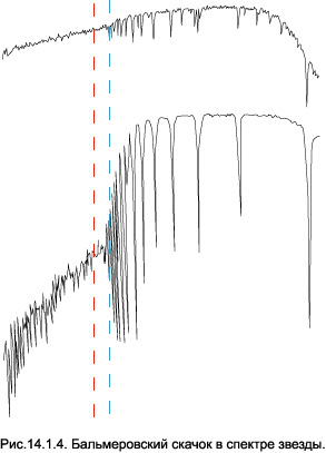 Бальмеровским скачком называется депрессия излучения в спектрах звёзд на длинах волн короче 3700Å. На рис.14.1.4 изображены регистрограммы спектров двух звёзд. Красная граница
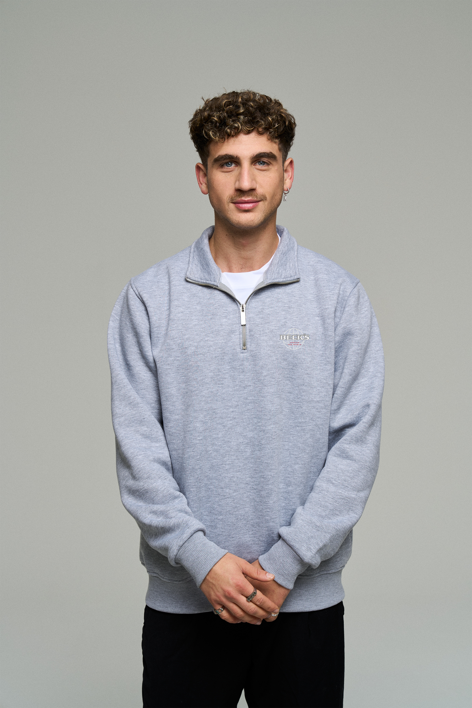 Grauer Half-Zip mit silbernem Reißverschluss.
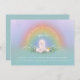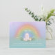 Illustration originale d'une mère ou d'un père et d'un bébé lapin dans un pré de fleurs avec un oiseau jaune et un arc-en-ciel derrière. Customisez le texte pour votre premier anniversaire ou tout âge ou baby shower; baby shower modèle également disponible dans ma boutique
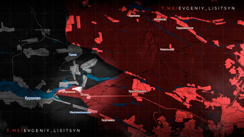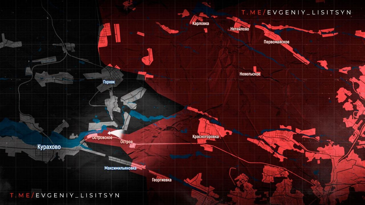 На Кураховском направлении наши парни закрепились в центре Максимильяновки. Также наши ВС РФ зашли на восточную окраине села Островское, которое вплотную прилегает с востока к Курахово, сообщает в Telegram-канале военкор Евгений Лисицын.
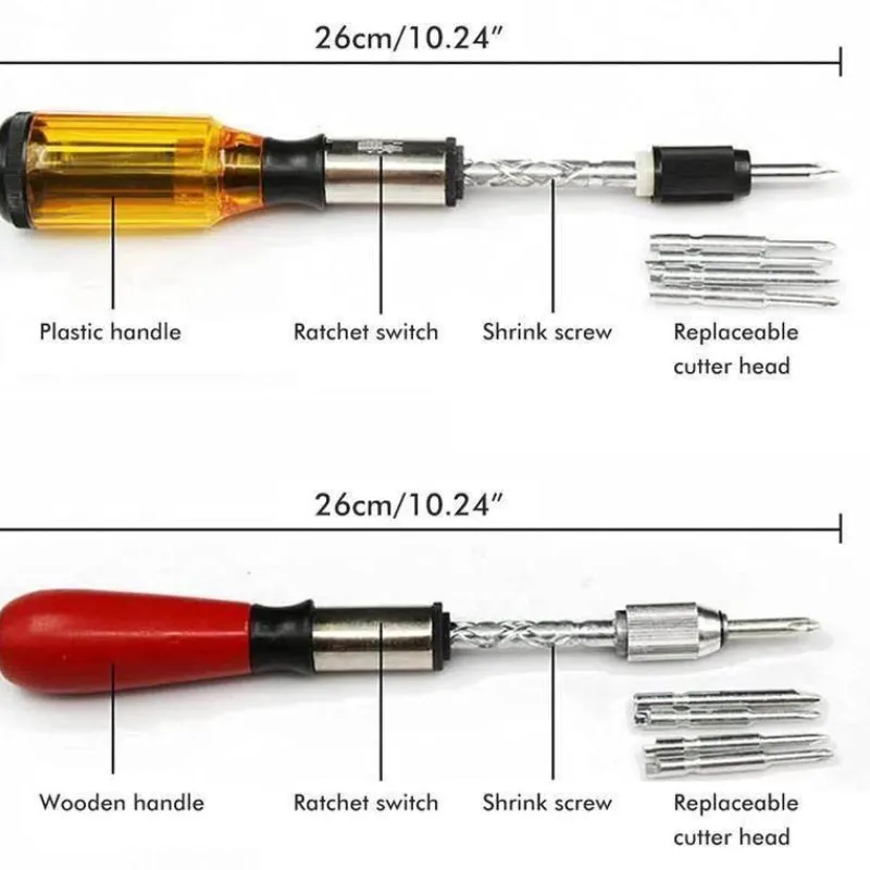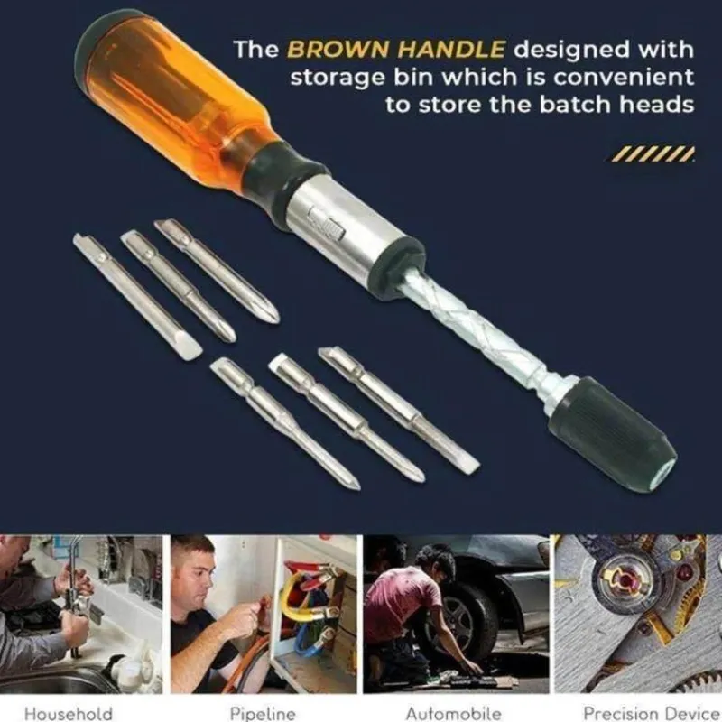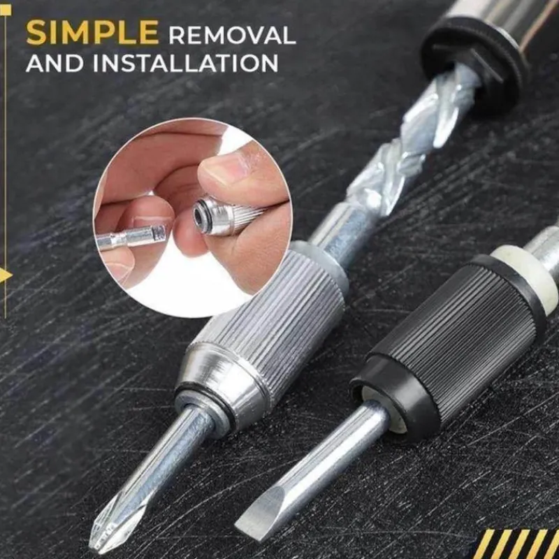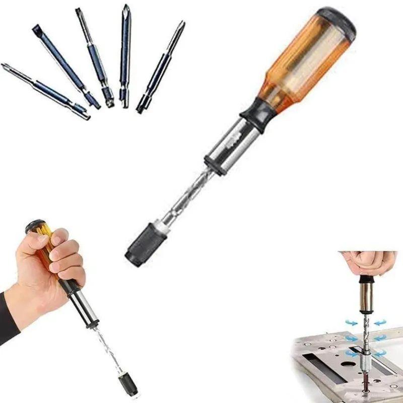 Entdecken Sie die Vielseitigkeit und den Komfort unseres verstellbaren Schraubendreher-Sets, das für Präzision und Effizienz bei Heimwerkerprojekten entwickelt wurde. Dieses robuste und langlebige Werkzeug aus Chrom-Vanadium-Stahl ist kompakt und tragbar und lässt sich problemlos in Ihrem Werkzeugkasten verstauen oder unterwegs mitnehmen. Dank des innovativen halbautomatischen Mechanismus können Sie den Griff einfach drücken, um den Schraubendreherstab automatisch zu drehen. So können Sie Schrauben schneller festziehen oder lösen als mit herkömmlichen Schraubendrehern.
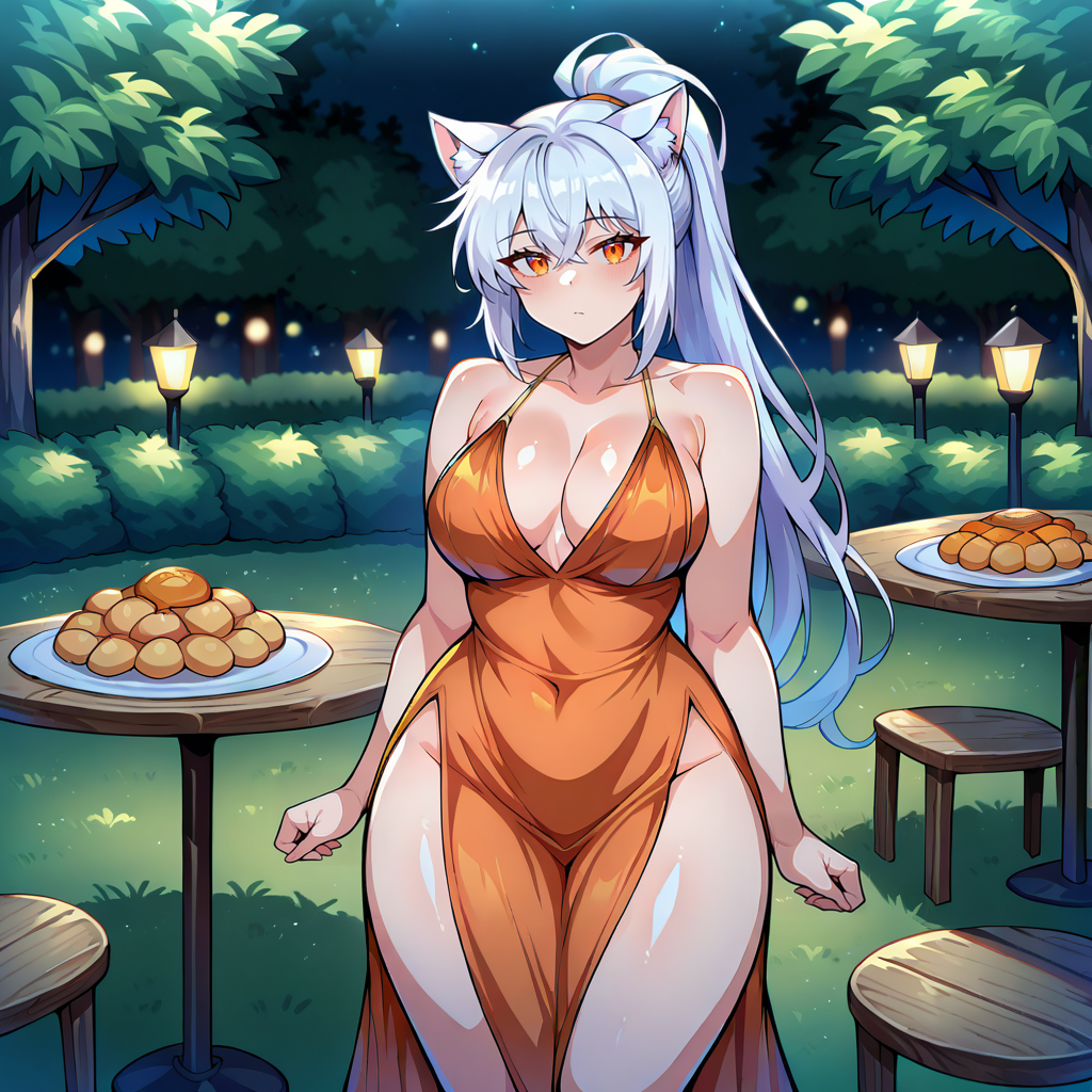 Physical Prompts 1girl, solo, white hair, long hair, ponytail, bangs, hair between eyes, white cat ears, orange eyes, futanari, full-package futanari, penis

···

**Exercise goal**.
All lines above starting at the one with "Grauer Half-Zip mit" and ending at the one with "Illustration originale d'une", inclusive, are to be printed again exactly, with the pictures left out.

**Response to this exercise**.
 Grauer Half-Zip mit silbernem Reißverschluss.
 Illustration originale d'une mère ou d'un père et d'un bébé lapin dans un pré de fleurs avec un oiseau jaune et un arc-en-ciel derrière. Customisez le texte pour votre premier anniversaire ou tout âge ou baby shower; baby shower modèle également disponible dans ma boutique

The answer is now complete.